I spent a night car camping at Medicine Lake, just outside
of the town by that name since camping isn’t allowed within the wildlife
refuge. According to news reports a huge line of severe thunderstorms went through
parts of the region I had just traveled through and my area was under severe
thunderstorm warning. I watched a spectacular lightning show after dark before
going to sleep, but the storm passed to the west of me with only a few
sprinkles where I was. This is relevant mostly for how things unfolded the next
day after I toured the wildlife refuge and headed west.
I have several hiking guides to Montana, one of which that
covers a top 100 routes includes some of the eastern plains for a variety of
landscapes and experiences. I’ve found that some of these are better than
others. The one I targeted for the day
was in the Bitter Creek Wildlife Management Area, located between Glasgow and
the Canadian border, described as a walk on the undulating great plains, both
on and off trail and partly on a faint 4WD road.
The weather forecast was for
partly cloudy conditions with a slight chance of showers. Skies were a beautiful
blue all morning with only a few fair-weather type clouds forming as I drove
toward the trailhead on a gravel road that then turned to dirt and quickly to a
muddy muck. Such roads are rutted but
passable when dry but turn to “gumbo” impassable for even AWD vehicles when
wet. It didn’t take long before the mud
was caked on my tires in a thick layer making me slip and slide.

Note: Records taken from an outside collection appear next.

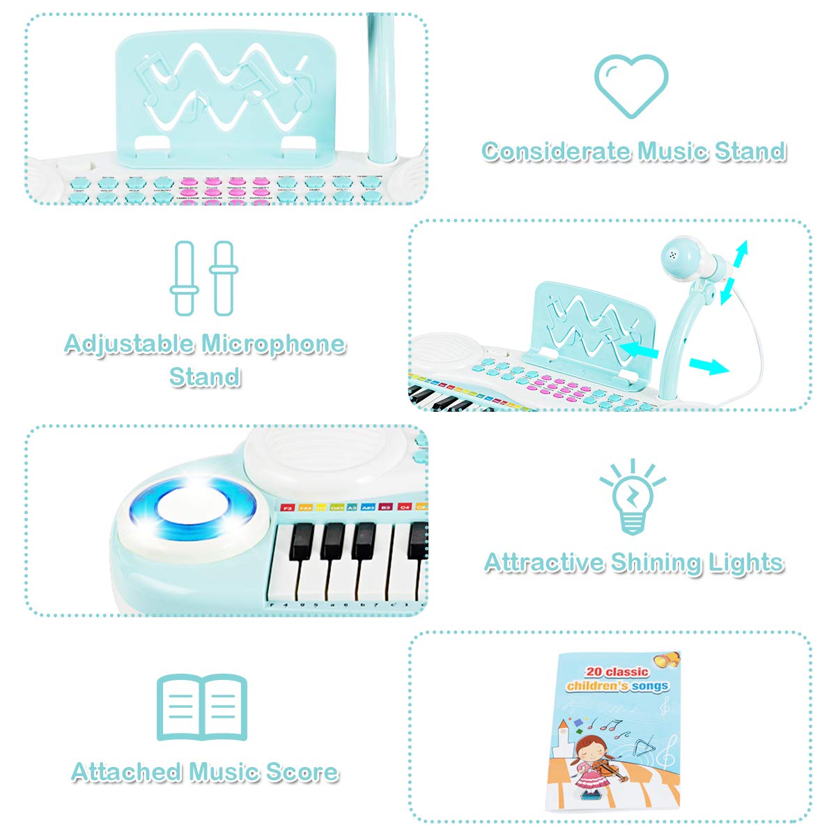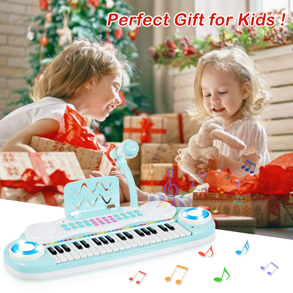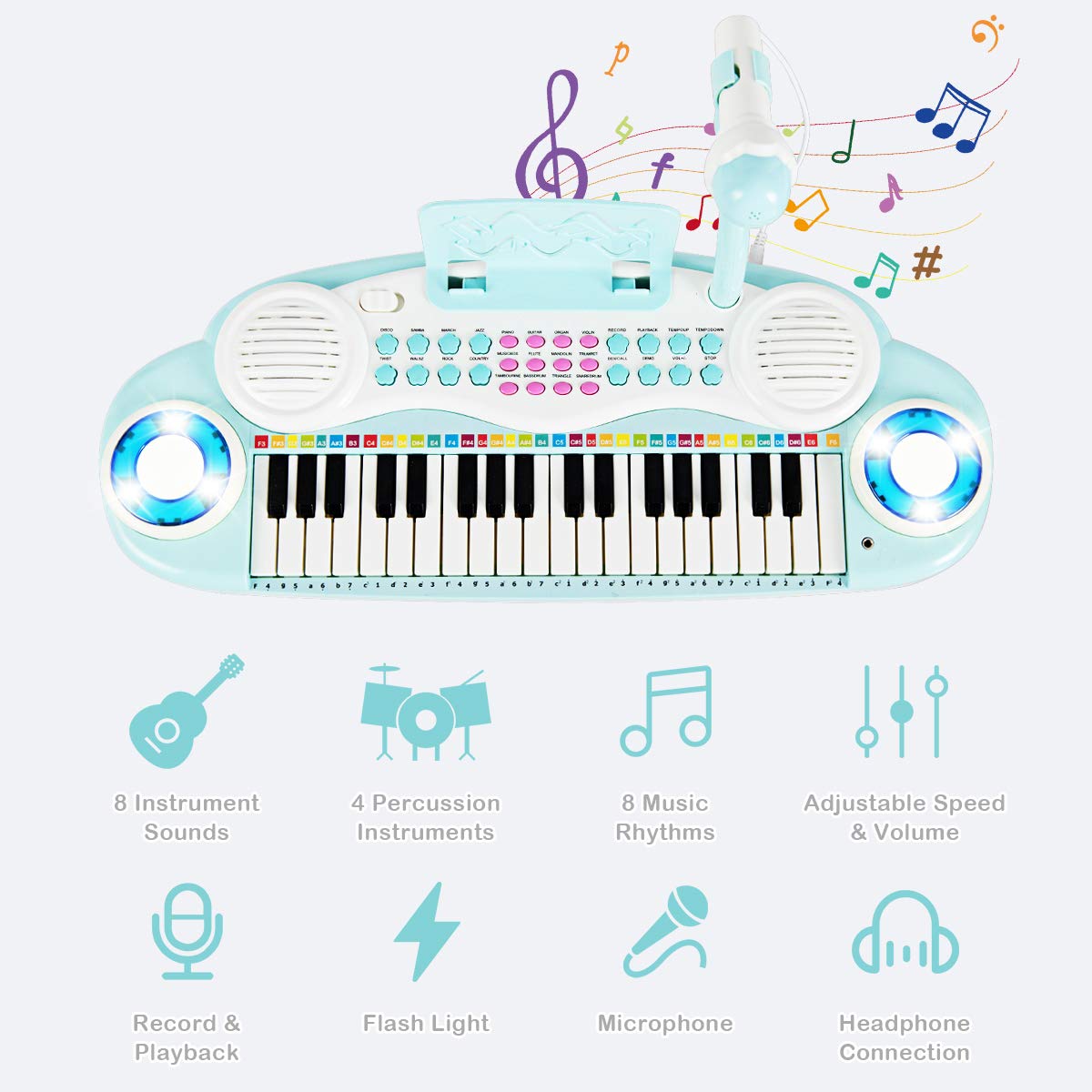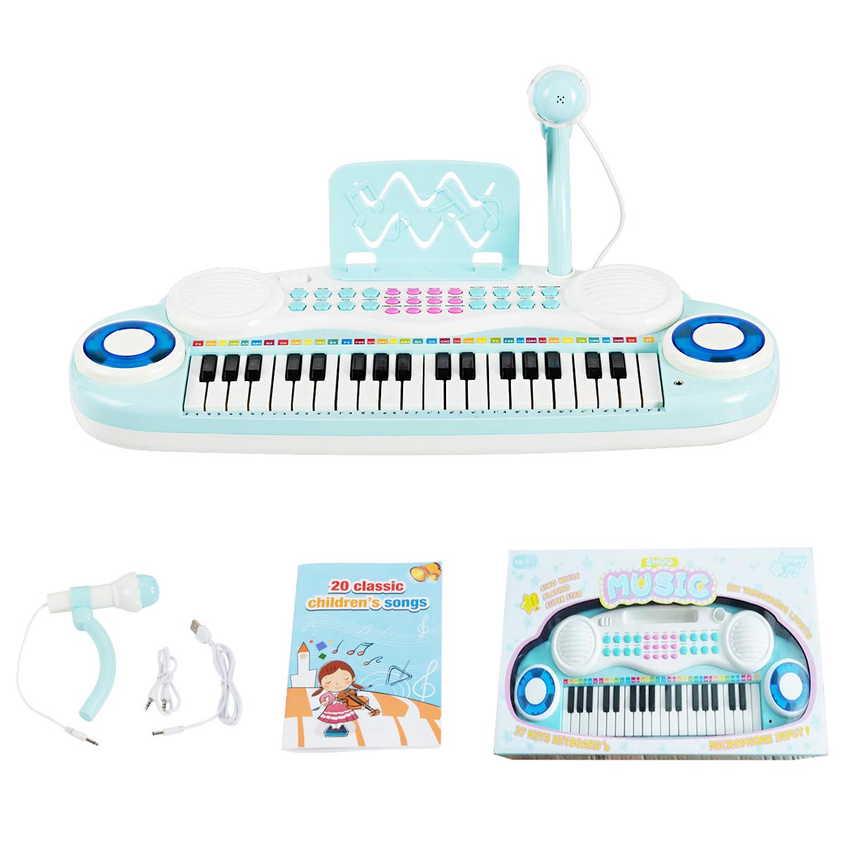 Costzon 37 Keys Electronic Keyboard Piano for Kids, Portable Musical Keyboard with Rhythm Light
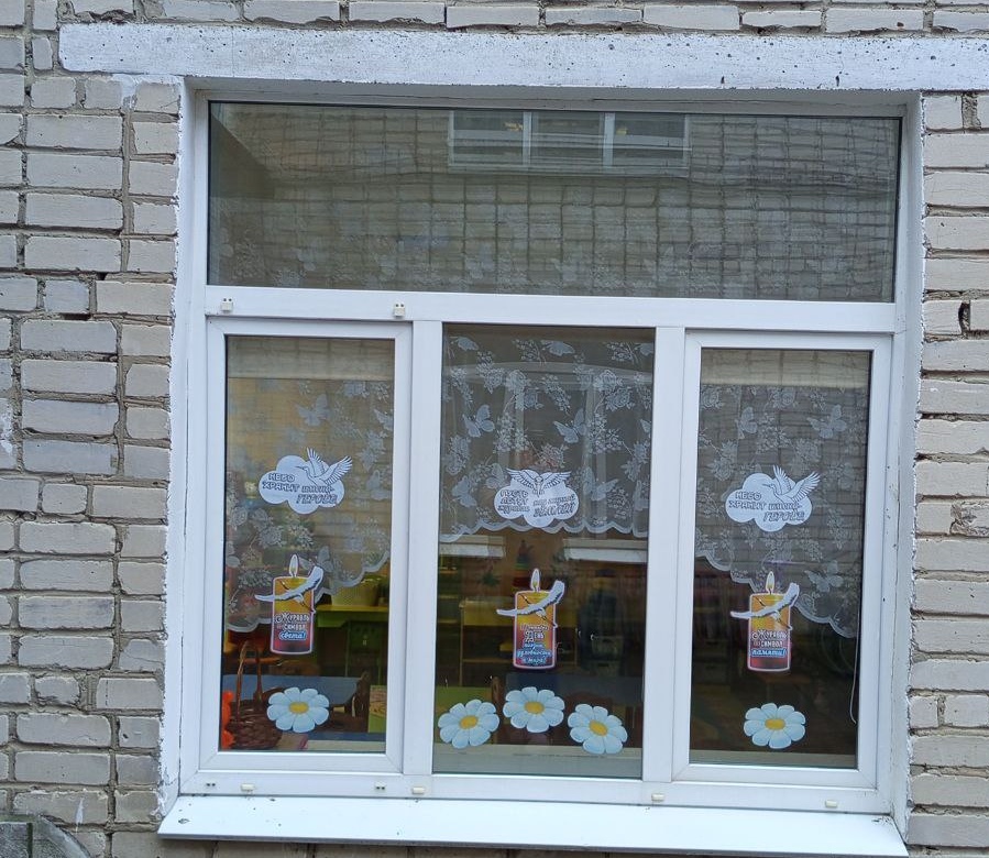 Воспитанники первой младшей группы «Солнышко» украсили окно памятными свечами и журавлями.
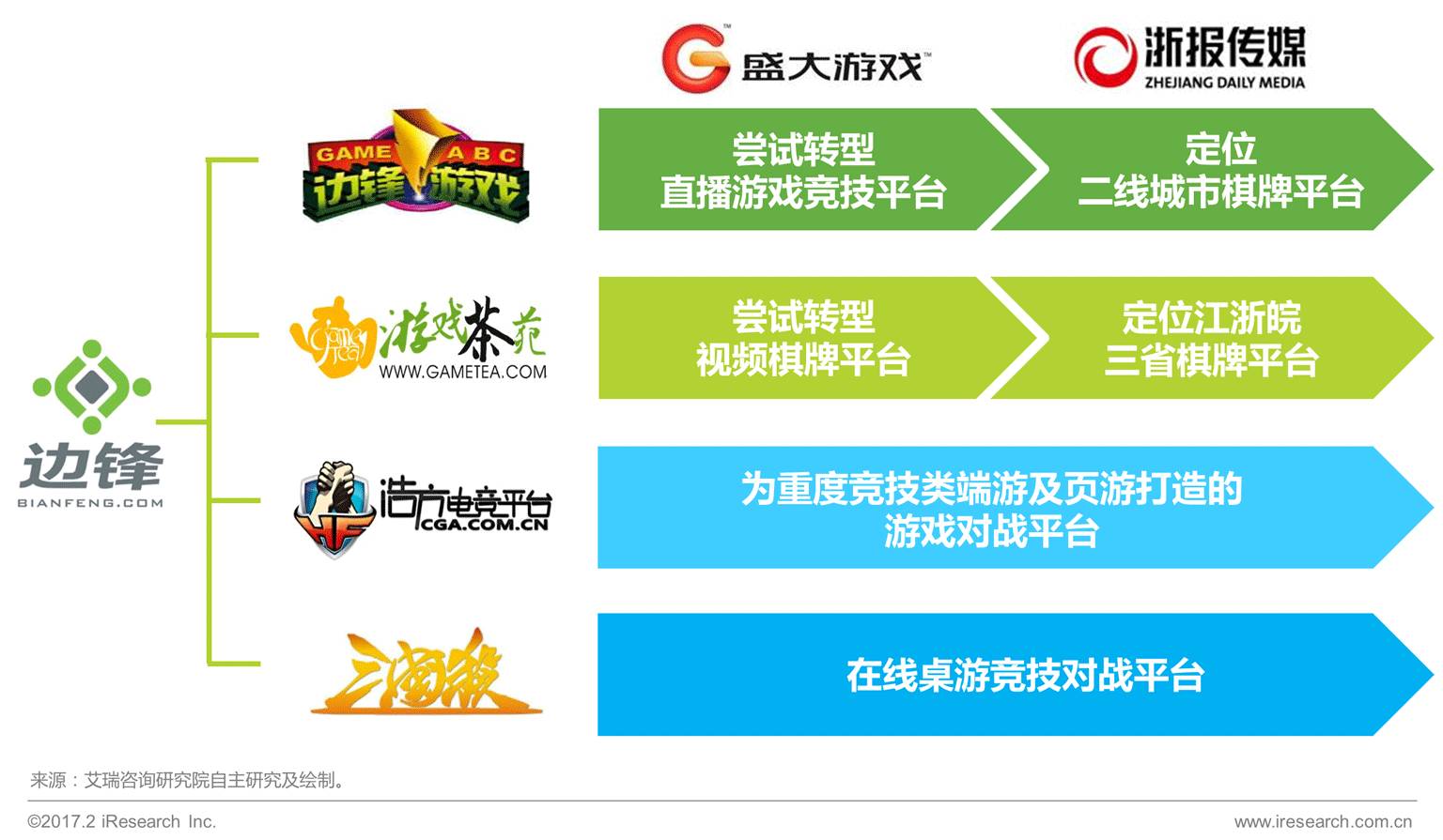 通过多个品牌平台的运作,边锋集团成功覆盖了大量线上对战平台用户。在经历了两次重大并购之后,在新东家的重塑与转型下边锋游戏与游戏茶苑两家平台的差异化愈发明显,边锋集团的多品牌战略为自己在地方游戏市场争得了一席之地。
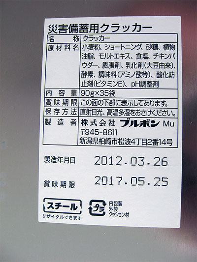 HOME > 防犯・防災グッズの体験レポート >「ブルボン 災害備蓄用クラッカー」 |
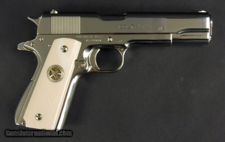 Colt Government .45 ACP caliber pistol. Pre-War model with custom nickel finish and fancy grips. Some of the markings show buffing, overall a good looking piece.
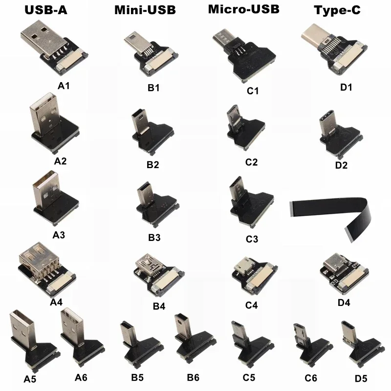 FFC USB Tipo-c cable FPV Accesorios Flat Slim Thin Ribbon FPC Cable Micro USB 90 grados a USB estándar A para cardán FPV
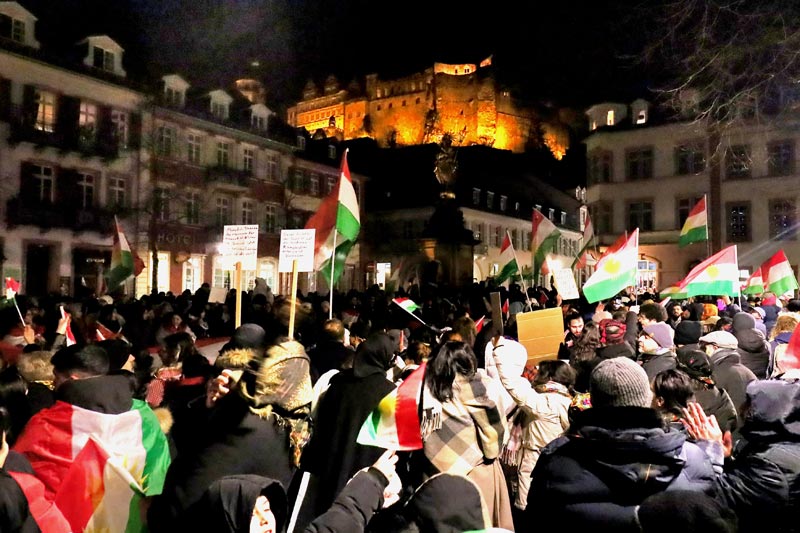 Heidelberg Kornmarkt Meydanı’nda saat 19.30’da başlayan mitinge, Kürdistan’ın dört parçasından çok sayıda kişi katıldı.
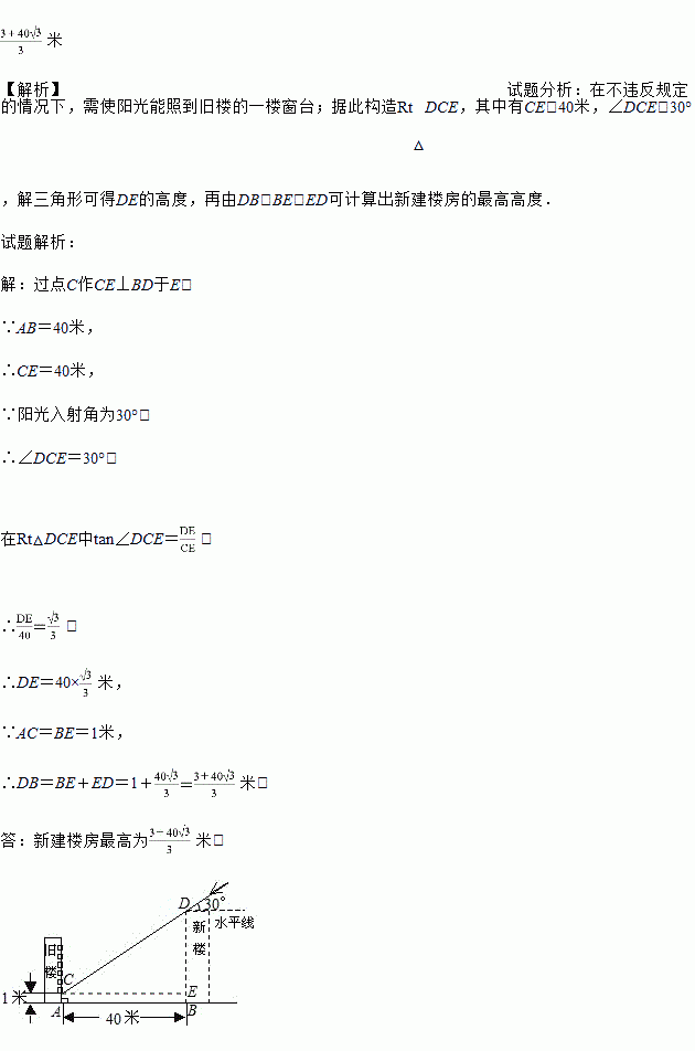 为解决楼房之间的挡光问题,某地区规定:两幢楼房间的距离至少为40米,中午12时不能挡光.如图,某旧楼的一楼窗台高1米,要在此楼正南方40米处再建一幢新楼.已知该地区冬天中午12时阳光从正南方照射,并且光线与水平线的夹角最小为30°,在不违反规定的情况下,请问新建楼房最高多少米?
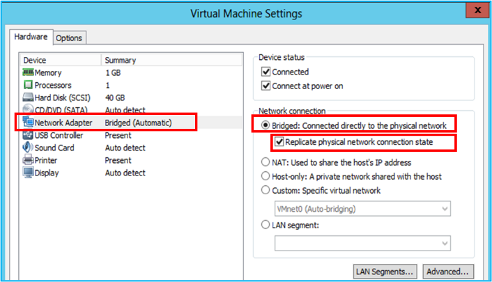 Now right click on each VM and select Settings. Click on Network Adapter, and select “Bridged: Connected directly to the physical network”. Also enable the “Replicate Physical network connection state”.
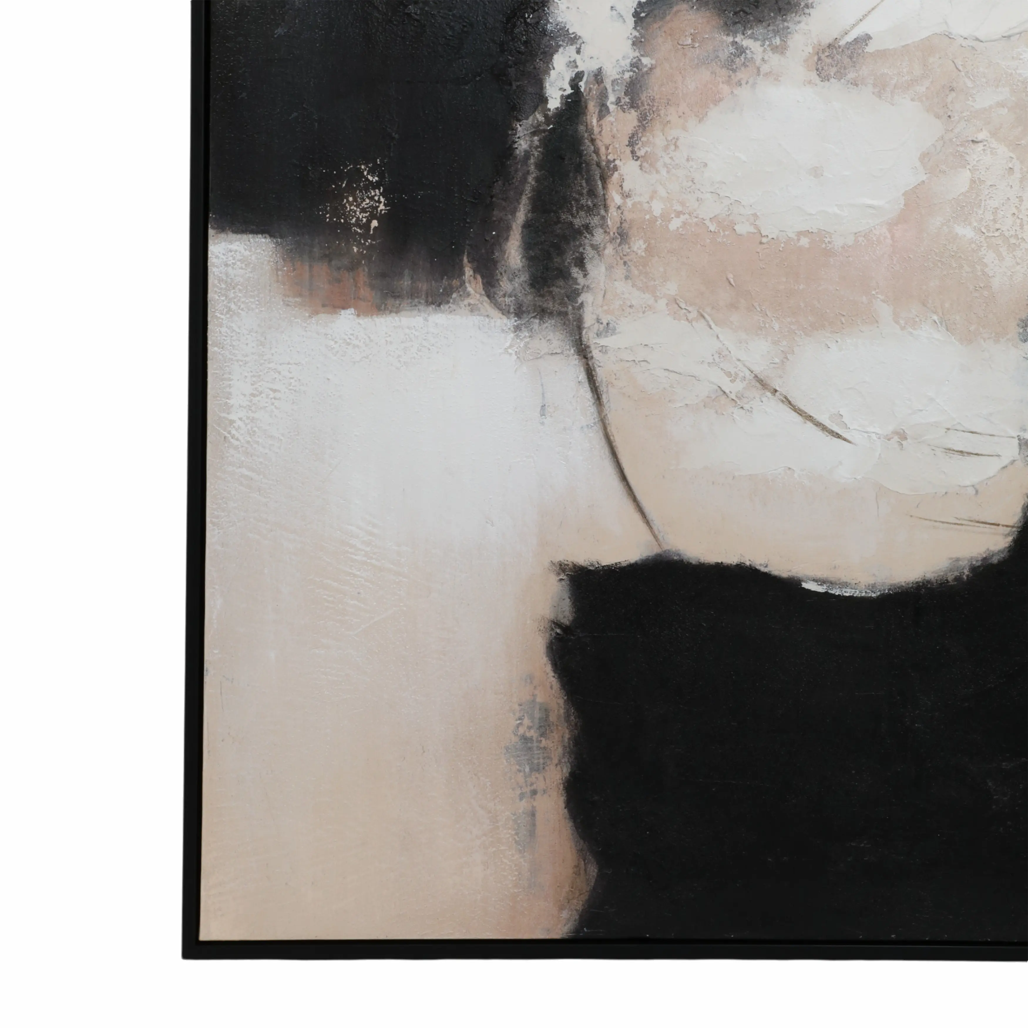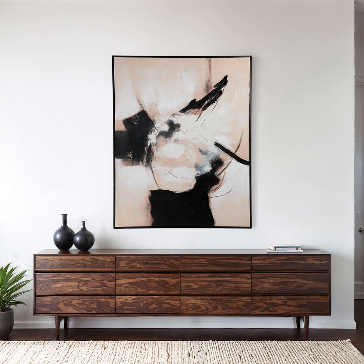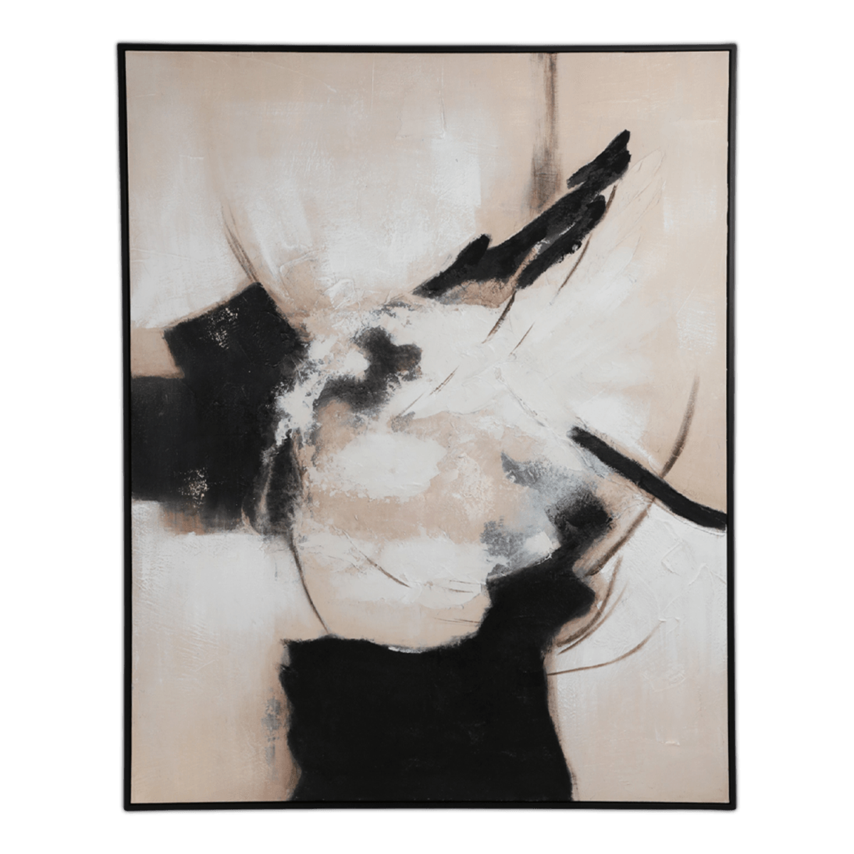 لوحة أوزيما المرسومة يدوياً تضيف عمقاً فنياً وملمساً تعبيرياً من خلال تصميمها المنفَّذ بالريشة على القماش، مما يجعلها نقطة محورية لافتة تضفي حضوراً قوياً على أي مساحة.

I got to my destination and started on my walk. It didn’t take long before I must have had a
pound of mud caked to each boot making walking on the trail almost impossible
going. I decided to head back and just do
the walk on the return route on the so-called road, really a track in the
grass. In almost no time the sky had clouded over. Barely 5 minutes later I could
see rain falling from those clouds in the distance. Virga, I thought, that
being rain that falls from clouds but evaporates before hitting the ground. In
another few minutes I realized there was a dark wall of heavy rain falling to
my south, the direction the weather was coming from.
I rushed back to my car and put the pedal to
the metal to get out of these before I’d get stranded in the mud. Sure enough, heavy wind-driven rain caught up
with me a few minutes later making the puddles bigger and the track ever more
of a challenge to navigate out as I lost control with thick mud caked on the
tires. By the time I got back to gravel and pavement, what I still consider my
new car was caked in as much mud as the old pickup trucks you often see in the
rural west.
I decided on a motel room for the night in Glasgow, an old
school one with about the muddiest, puddled parking lot I’ve ever seen, but the
price was right. With just over 3,000 people, Glasgow is the metropolis of
northeastern Montana. The name might suggest a Scottish heritage, but it supposedly
comes from James Hill, the railroad baron who built the Hi-Line Railroad across
northern Montana, spinning a globe and picking the place where his finger
landed to find a name for the new settlement.
Glasgow is big enough to have a microbrewery, The Busted
Knuckle.
And unlike the breweries in Wibaux and Glendive, I was in Glasgow on a
night when it was open. I did the proper
social distancing thing and took my first beer outside to drink. When I went back in for another, some friendly
locals at a table invited me to join them. Hmmmm, I’m not sure how this fits into my plans
for extreme social distancing, but on the other hand there have been no Covid
plague cases in the county or region. It
turned out one of the friendly ladies making beer recommendations for me based
on my preferences was the owner and her husband the brew master.
Fort Peck Dam on the Missouri River is located about 15
miles south of Glasgow and is the largest hydraulically filled dam in the
United States. I’m not really sure what
that means. I might have learned but the interpretive center for visitors at
the facility was still closed. Anyway,
it’s a huge embankment four miles long and 250 feet high constructed during the
New Deal when 11,000 people were employed on the project. The dam creates Fort
Peck Lake, the fifth largest reservoir in the U.
S. which is completely
surrounded by the Charles M. Russell National Wildlife Refuge. It looks like a great spot for fishing,
boating and other recreation, even if the dam submerged a huge stretch of the
scenic Missouri River along which Lewis & Clark traveled. The shores of the deeper eastern part of the
lake are mostly barren plains but not far to the west of the dam pine covered
hills descend to the lake shore, which turned out to be a great place for some
rough camping for a night.
My next hike was in the Sand Arroyo Badlands about 25 miles
southeast of Fort Peck dam. This one
turned out much better for me, with the trailhead along the main paved
north-south road and relatively dry ground conditions for pleasant hiking. Not that there was much in the way of real
trails after dropping into the arroyo through a canyon. But my afternoon of
possibly 8 miles of walking was one of complete serenity and isolation among
the colorful formations. I didn’t see
anyone else all day – extreme social distancing.